This permit to control the hazelcast map where will be stored the key/value.

Data part

The data part is a bytes stream which the length is specified in the command part.

For example the second argument of the SET command set the length of the data to send :

SET key 0 4\r\n
1234

This command set the key "key" at the value "1234"

Response

The response protocol is fairly simple. When the command is executed the response have the following format :

\r\nRESPONSE response_arg\r\n

The following terms are used in the response :

DONE

The command is successfully executed. There is no argument.

ERROR

There is an error in the command. the argument is the error message.

Error Messages

malformed_request

The command request is malformed. There is an error in the request.

not_found

The key involved in the command is not found.

Commands

GET <key>

with data: no

Get the value of the key in the storage. This operation is atomic.

GET key\r\n

SET <key> <expiration> <length>

with data: yes

Set a value of length <length> for the key <key> in the storage with the expiration time in second <expiration>. This operation is atomic.

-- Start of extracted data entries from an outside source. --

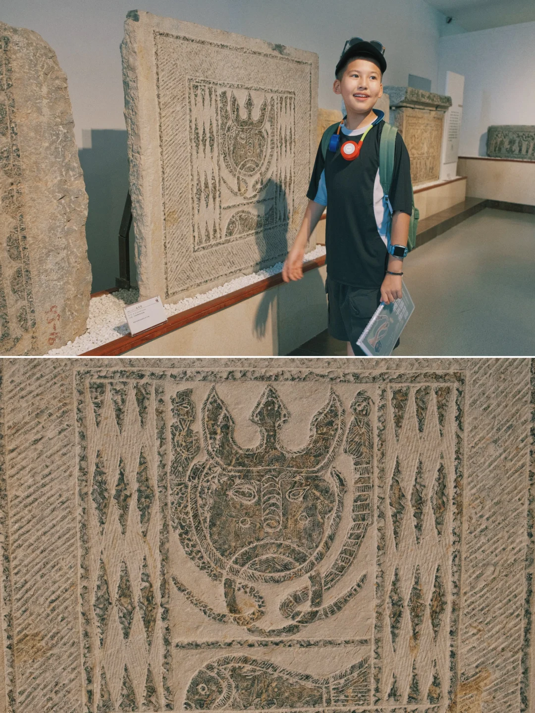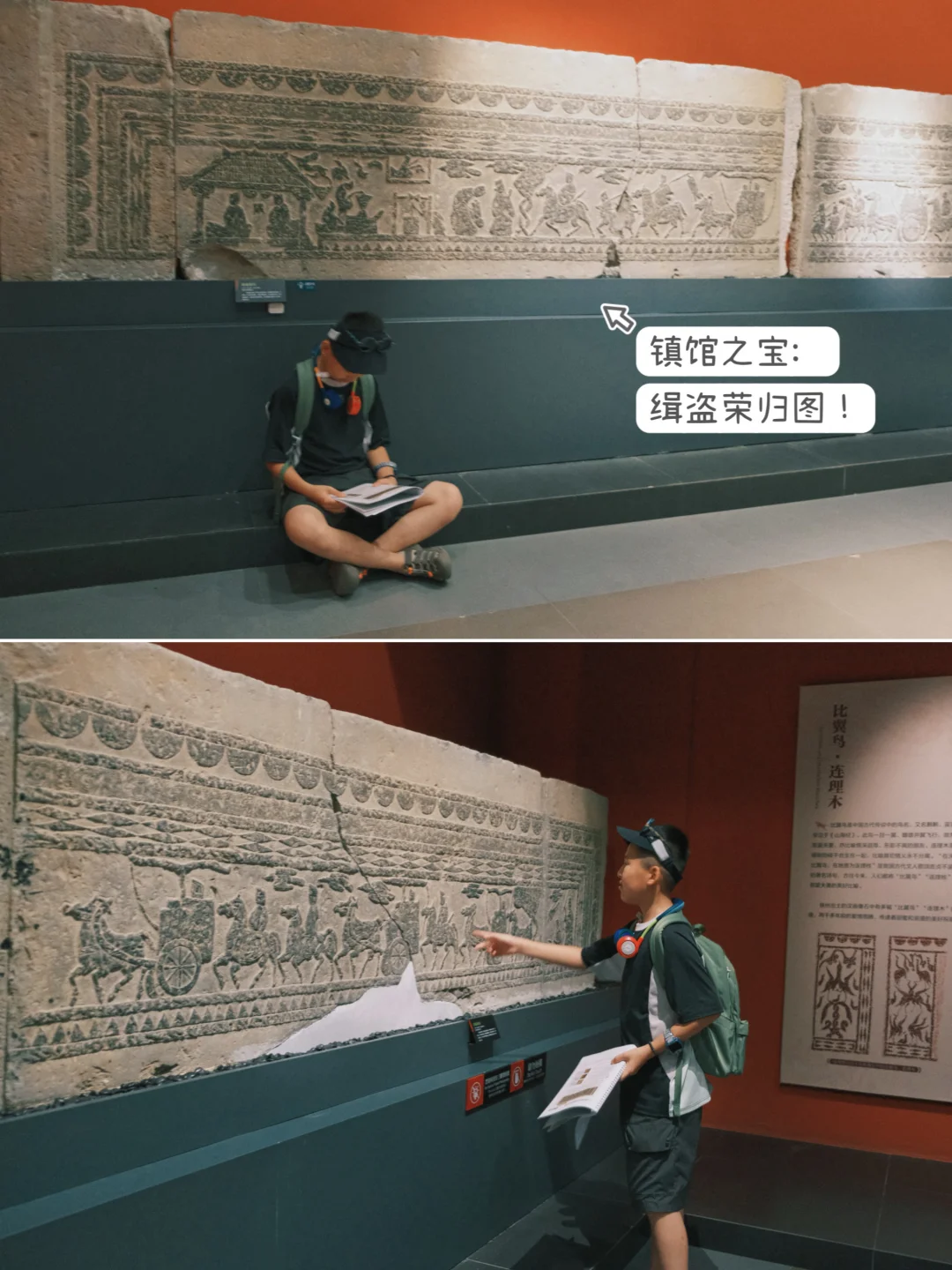 ▪️研学:参观前,照例给娃设计了一套研学手册——把阴刻 / 浮雕的区别、镇馆之宝的看点都整理了一下,娃对着手册,边寻宝边学习,收获满满!(👇戳左下角,get手册内容)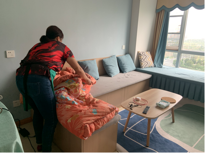 卧室比较简单,东西也不是很多,阿姨简单擦拭除尘之后,把被子整理了就OK啦。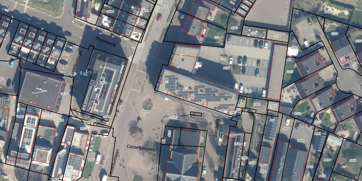 Het perceel waarop Castellumplein 20 staat heeft een oppervlakte van 2260 m². Dit is een zeer groot perceel. De perceeloppervlakte wordt geregistreerd door het Kadaster. Gedetailleerde informatie over de maten van dit perceel kunt u vinden in het rapport Kadastrale kaart met maatvoering van Castellumplein 20.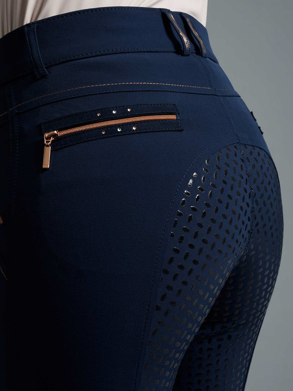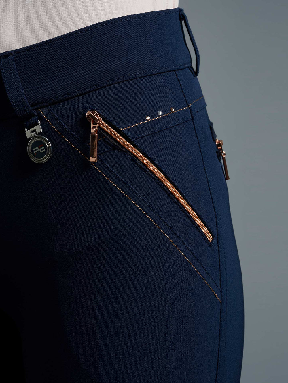 Tailored to provide a flattering, figure-hugging fit whilst allowing superb freedom of movement in and out of the saddle. The Milliania Riding Breeches display rose gold metallic zips, paired with delicate crystal detailing adding a subtle sparkle. Designed with functionality in mind, these breeches offer two front zipped pockets as well as two rear pockets to store personal belongings.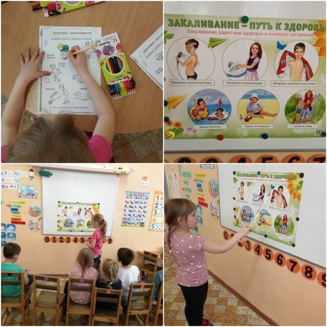 Во 2-ой группе дети вели беседу о чистке зубов, о закаливании и о строении тела человека.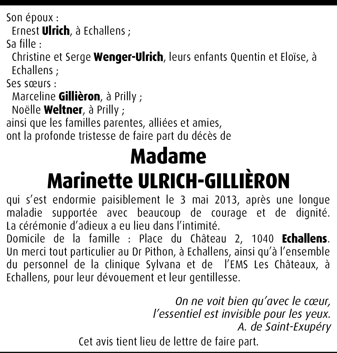Il y a plus de 4 ans Signaler En pensées avec vous durant ces moments douloureux de la vie. Avec notre Amitié. Faby et Claude De la part de Fabienne Chautems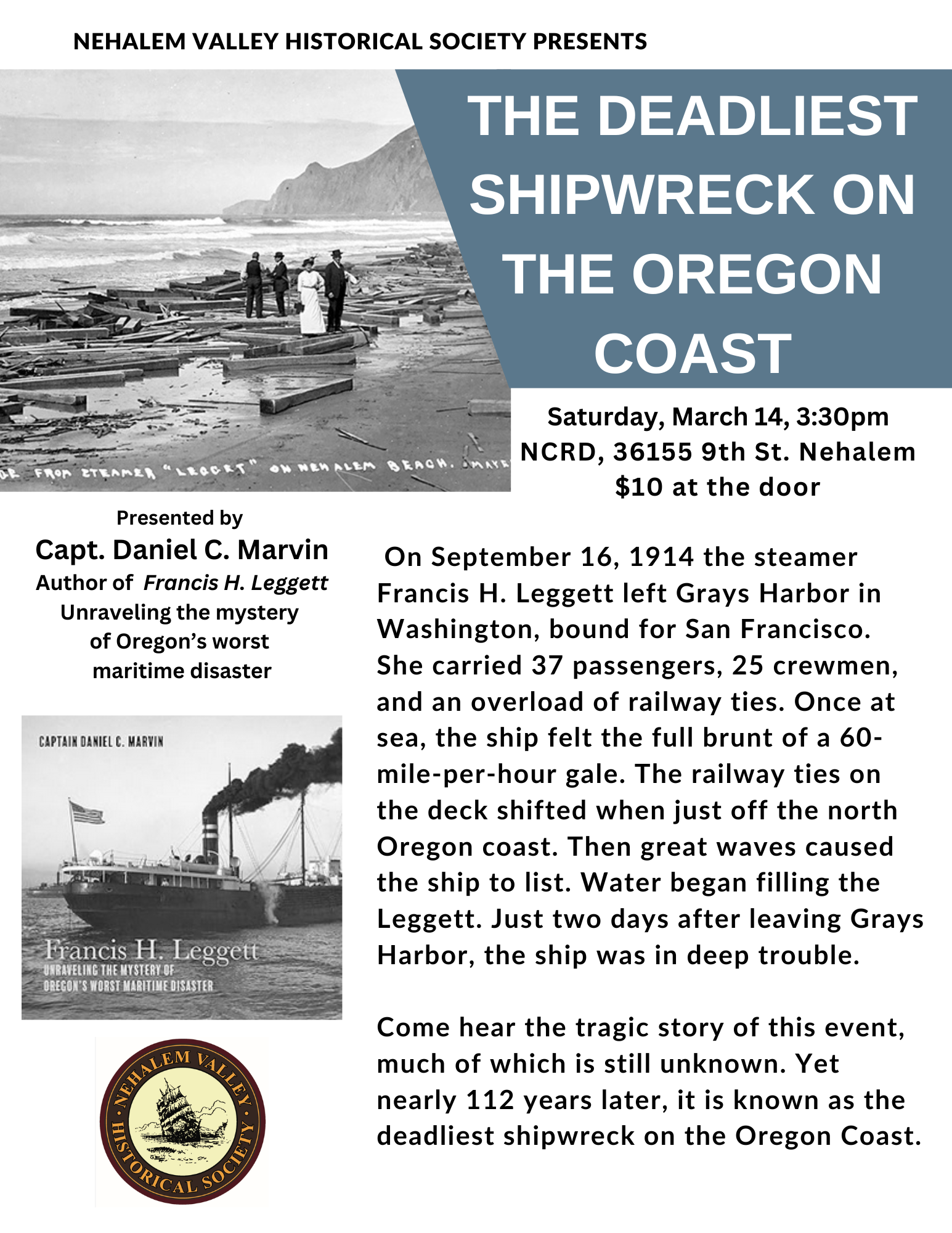 *Tickets can be purchased at the door* On September 16, 1914 the steamer Francis H. Leggett left Grays Harbor in Washington, bound for San Francisco. She carried 37 passengers, 25 Crewmen, and an overload of railway ties. Once at sea, the ship felt the full brunt of a 60-mile-per-hour gale. The railway ties on the deck shifted when just off the north Oregon coast. Then great waves caused the ship to list. Water began filling the Leggett. Just two days after leaving Grays Harbor, the ship was in deep trouble. Come hear the tragic story of this event, much of which is still unknown nearly 112 years later, it is known as the deadliest shipwreck on the Oregon coast.
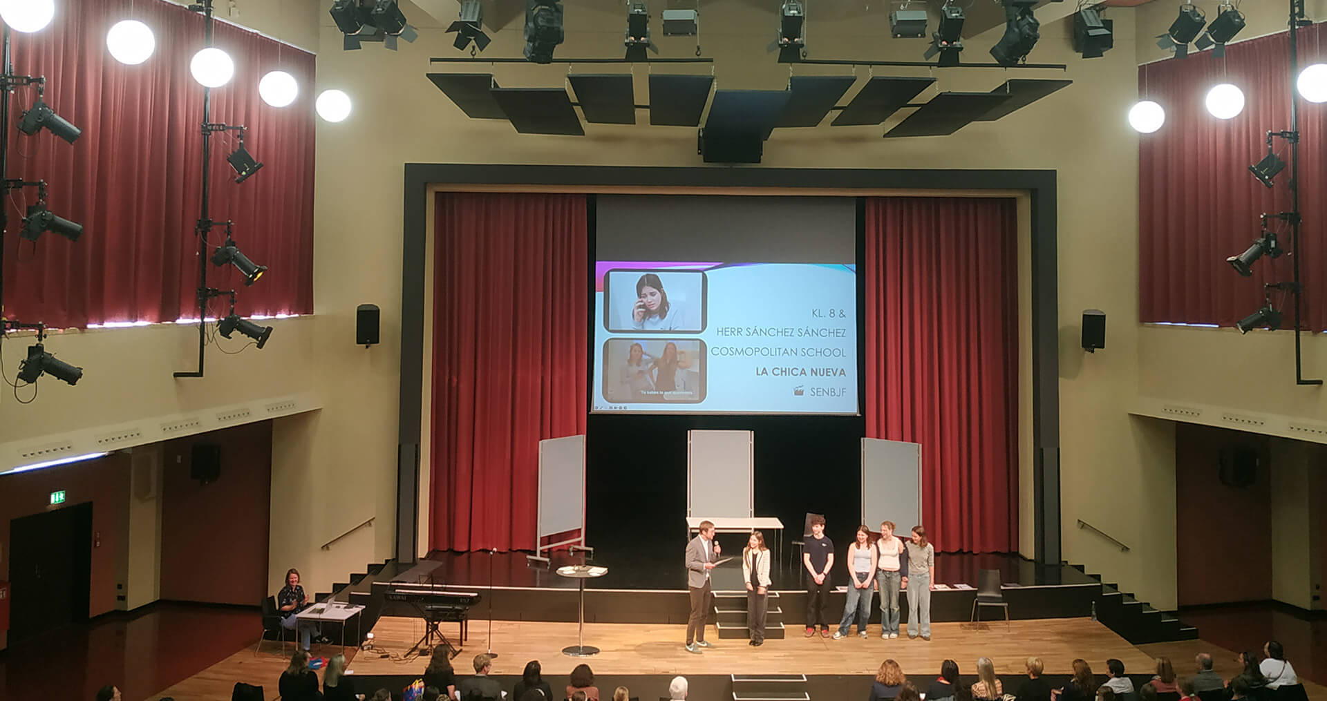Mit ihrer kreativen und eindrucksvollen Eigenproduktion „La chica nueva“ hat die 8. Klasse der Berlin Cosmopolitan School beim Bundeswettbewerb Fremdsprachen in der Kategorie Team Spanisch den 1. Preis gewonnen. Die feierliche Preisverleihung fand am 20. Mai 2025 in der Aula der Max-Taut-Schule in Berlin statt – und unsere Schüler:innen standen dabei im Rampenlicht.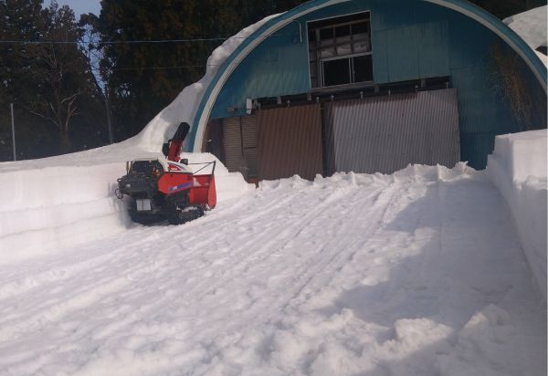 積雪が多いと、冬期間に眠っていた作業場の春先除雪も大変な労力が必要!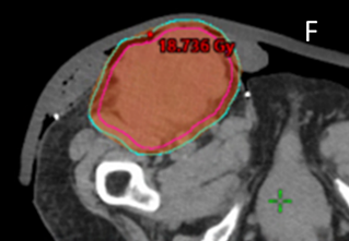 F Screen shot F shows the supine planning CT scan with an axial cut through the groin (as in C), but with the dosimetry with the dose wash set to the phase 1 prescription dose of 18Gy showing good conformity to the PTV. This plan was accepted by the RO.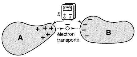 Ainsi, lorsqu'on transporte un électron d'un corps positif à un corps négatif, il faut exercer une force car l'électron est à la fois repoussé par le corps négatif et attiré par le corps positif.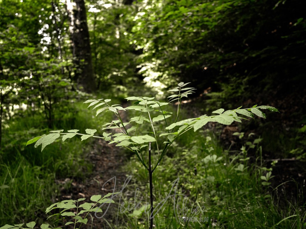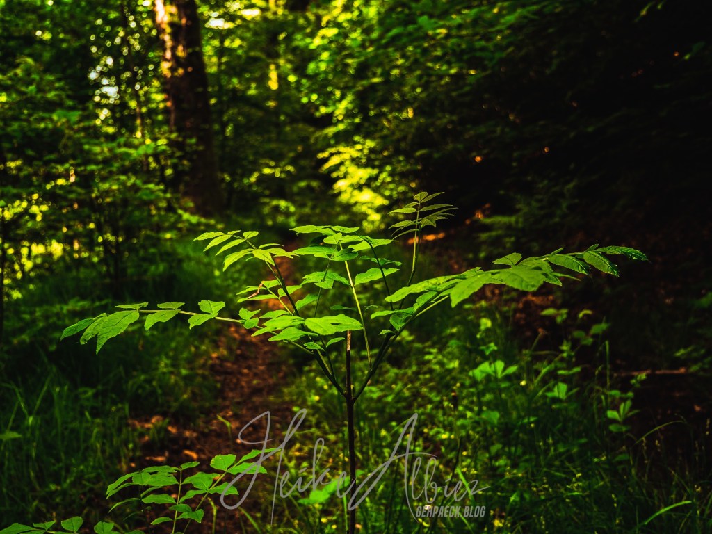 Den breiten leicht ansteigenden Waldweg beschritt ich in einem gemütlichen Tempo, ich hatte ja Zeit und mein Schwerpunkt lag heute auf dem Fotografieren und geniessen, meinen eigenen Rhythmus laufen. Nach einer kurzen Weile bog ich in den Zwerweg ein, er kam mir als der Richtige vor und wirkte auf mich interessant, warum auch immer. Im Nachhinein kann ich sagen, er war einfach nur dichter bewachsen. Ich kam aber wieder auf meiner Route heraus und somit war es für mich ein kurzer Abstecher in ein weiteres Stück heimatliche Natur. Zumal ich mitten auf dem Weg dieses kleine Kerlchen entdeckte…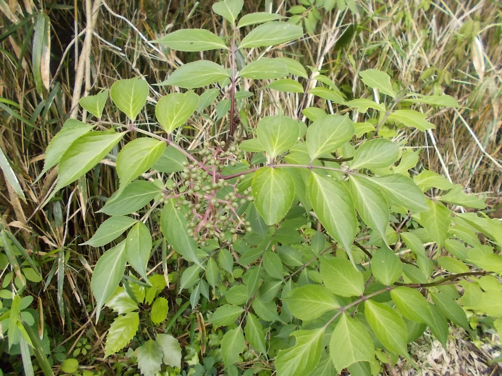 | ニワトコと見られる。(接骨木) 【AI による概要】 ニワトコの漢字は「接骨木(せっこつぼく)」です。 これは、枝や幹を煎じたものを骨折の治療に用いたことに由来します。 また、「庭常」と書かれることもあります。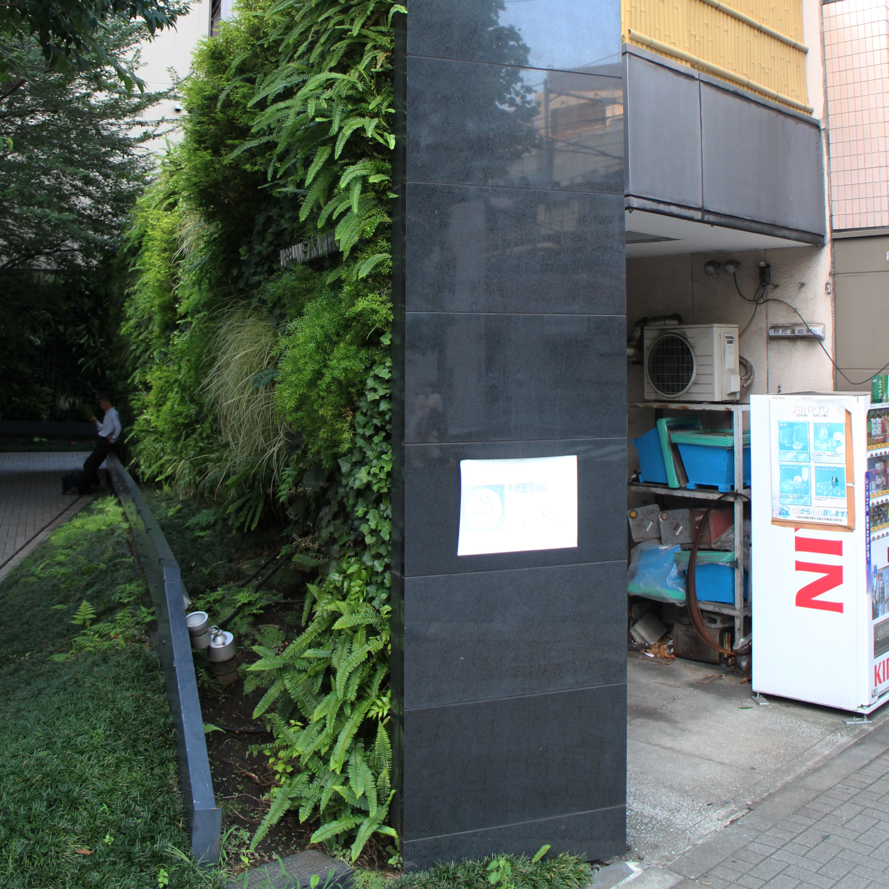 En vägg i Kanda. Väggen står på tomten till vänster, med välslipad sten, någorlunda dolda elkablar och felfri vertikal trädgård. Tomten till höger är något annat, äldre och sjabbigare, med en rostande stålhylla för tomma oljefat och lättbetongblock, krönt av en luftvärmepump. Där intill flygande elkablar, en skylt där det står “kontaktplats för brottsförebyggande verksamhet” (防犯連絡所), en försäljningsautomat med brun tejp och en solblekt reklamaffisch över Kirin-loggan, och slutligen, ovanför allt det, ett balkongräcke av sannolikt falsk bambu.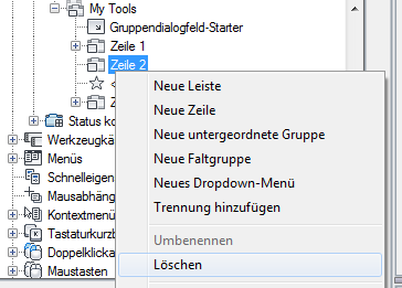 - Klicken Sie mit der rechten Maustaste auf die Zeile oder untergeordnete Gruppe, die Sie entfernen möchten. Klicken Sie auf Löschen.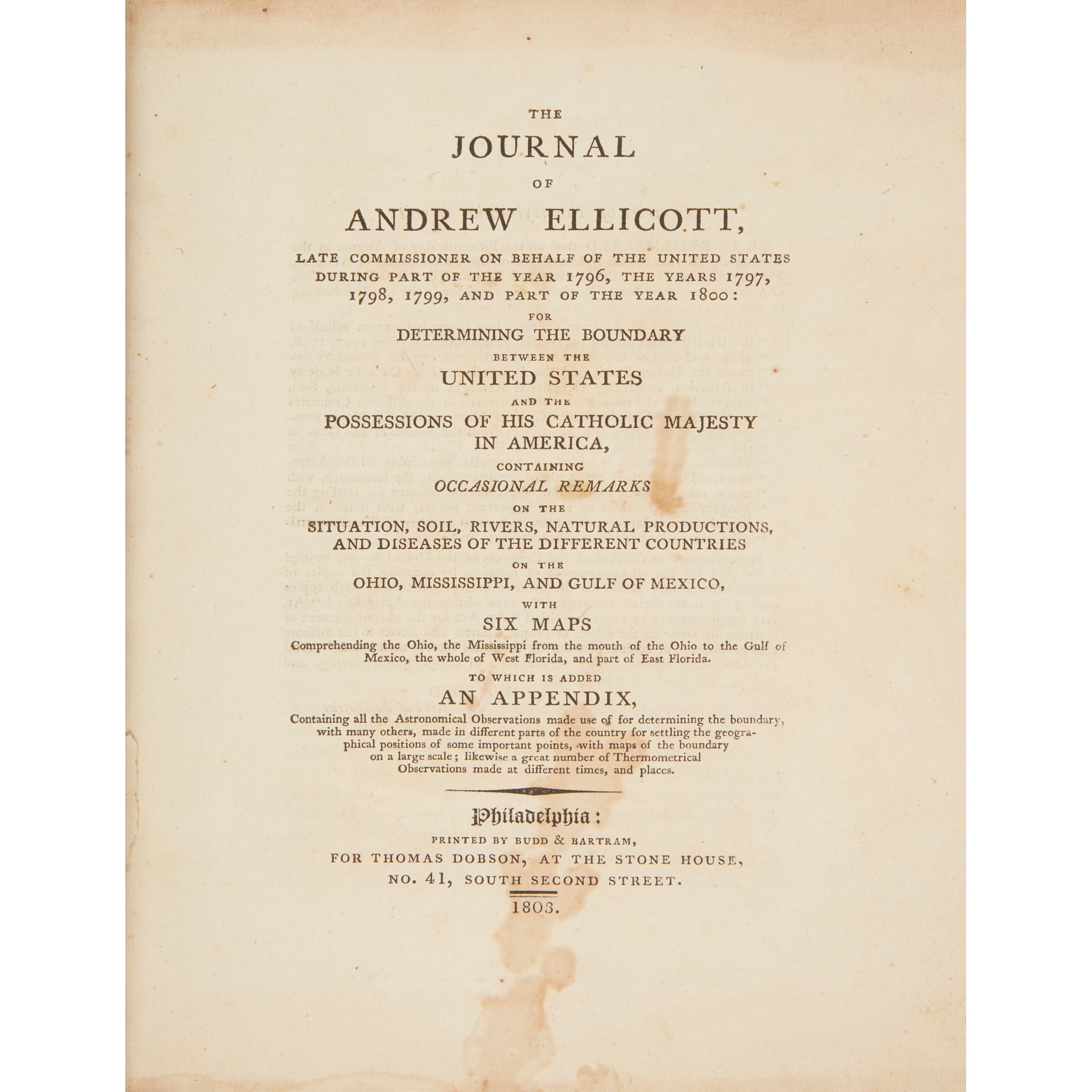 Late Commissioner on behalf of the United States during part of the year 1796, the year 1797, 1798, 1799, and part of the year 1800: for determining the boundary between the United States and the Possessions of His Catholic Majesty in America... Philadelphia: Thomas Dobson, 1803. First edition, 8vo, contemporary calf, bookplates of William Emory Quinby and Canadarqua Library, rubbed, with some marking to lower board, with 5 (of 8) folding charts and diagrams in Appendix only and lacking the 6 folding engraved maps, a couple of closed tears to plates, marginal dampstaining and some spotting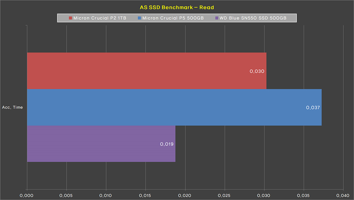 AS SSD를 4번 측정한 결괏값의 평균입니다. 4K의 속도뿐만 아니라 Access Time 결과도 좋았습니다.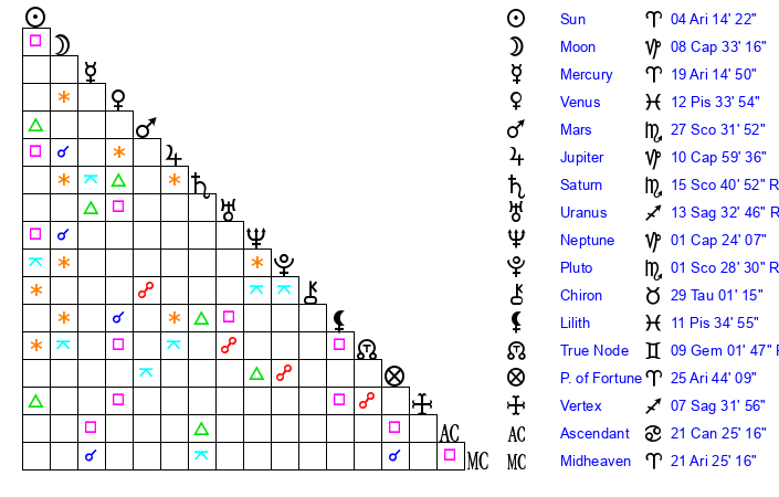| Mercury | 19 Aries 15 | 4 Aries 31 | 26 Aries 19 |

When <expiration> is 0, the key don't expire.

SET key 10 4\r\n
1234

TOUCH <key> <expiration>

with data: no

Set the expiration time in second <expiration> for the key <key>. This operation is atomic.

When <expiration> is 0, the key don't expire. When the key does not exist the command does nothing.

TOUCH key 10\r\n

DELETE <key>

with data: no

Delete the key <key> from the storage. This operation is atomic. When the key does not exist the command does nothing.

DELETE key\r\n

INCR <key> <value> <init> <initial_expiration>

with data: no

Increment the value of the key <key> with <value> if the key exists and represent an integer.

If the value is not an integer, this operation has no effect.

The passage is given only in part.